4.Bölüm

621 55 26
                                    

Ls:Çok üzgünüm fakat öyle bir isteğim yok

Rs:Öyle mi dersin? Kim hayranı olduğu birisiyle bir yolculuğu istemez ki?

Aslında bunu bana birkaç gün önce deseler hemen kabul ederdim fakat... Nereden bilebilirdim ki bunun gerçekleşeceğini, gerçekte daha da tuhafmış

Ls:Aslında-

Rs:İstersin evet biliyorum. Önce senin için alışveriş yapmaya ne dersin? Ya da gidince mi yapsak? Sana şimdilik kendi kıyafetlerimden vereceğim

Bir anda oturduğu yerden kalkmış, ve odaya gitmişti. Geldiğinde ise elinde bir kazakla eşofman vardı.

Rs:Al, giy bunları

Kıyafetleri bir anda bana atmıştı, ve koltuğa geri oturmuştu. Ben ise bir şey demeden odaya gidip kıyafetleri giydim

Ls:Ah, kıyafetleri gerçekten çok güzel kokuyor...

Rs:Oldu mu?

Rosé'nin sesini duyar duymaz panikle arkamı dönmüştüm ve ister istemez kekeleyerek konuşmuştum

Ls:Sen.. Ne kadar süredir oradasın?

Rs:Giyinmeye başladığından beri

Ls:Ne? Şakadır umarım

O an işte gerçekten utanmıştım

Rs:Utanmana gerek yok, aynısı ben-

Bu sefer daha da utanmıştım ve hızlıca odadan çıkıp banyoya koşmuş ve kapıyı kilitlemiştim

Ls:Aptal Lisa! Ne diye kapıyı kapatmıyorsun sen!

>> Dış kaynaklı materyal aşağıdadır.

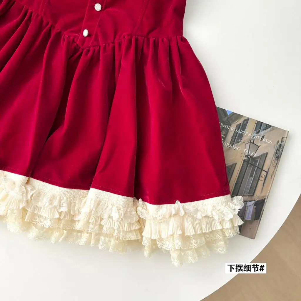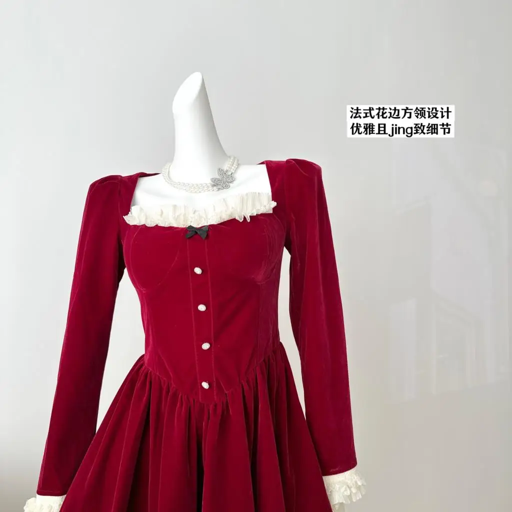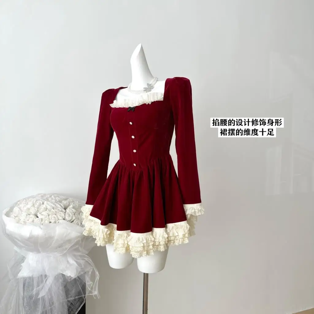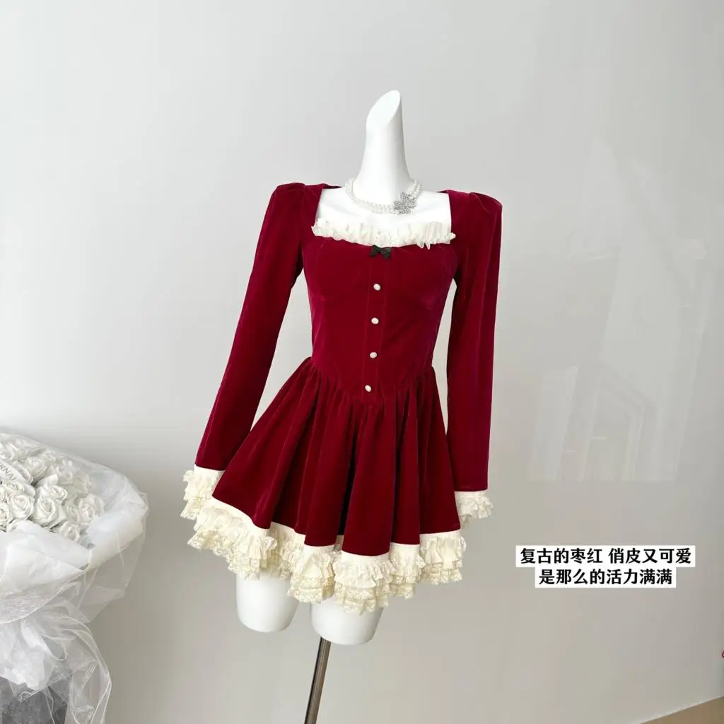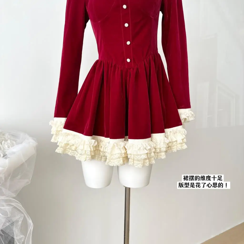 KYLETHOMASW - Elegant Velvet Lace Ruffles Patchwork Short Dresses for Women Long Sleeve A-line Korean Fashion Christmas Birthday Party Dress

Sanki olayı unutmasını beklermiş gibi bir süre banyoda kalmıştım. Ardından çıkmıştım fakat kafam eğikti. Çünkü ona bakarsam tekrar utanacağımı biliyordum.

Banyodan çıktıktan sonra tüm odalara bakmıştım. Fakat Rosé yoktu. Bu sebeple bende bi rahatlamıştım ve koltuğa yayılarak oturmuştum.

Ls:Sakin Lisa. O burada değil ayrıca utanılacak bir şey yok

Sadece kendimi kandırdığımın farkındaydım. Bir süre gözlerimi tavana diktim ardından bi kapı açılma sesiyle bakışlarımı gelen kişiye yani Rosé'ye çevirdim.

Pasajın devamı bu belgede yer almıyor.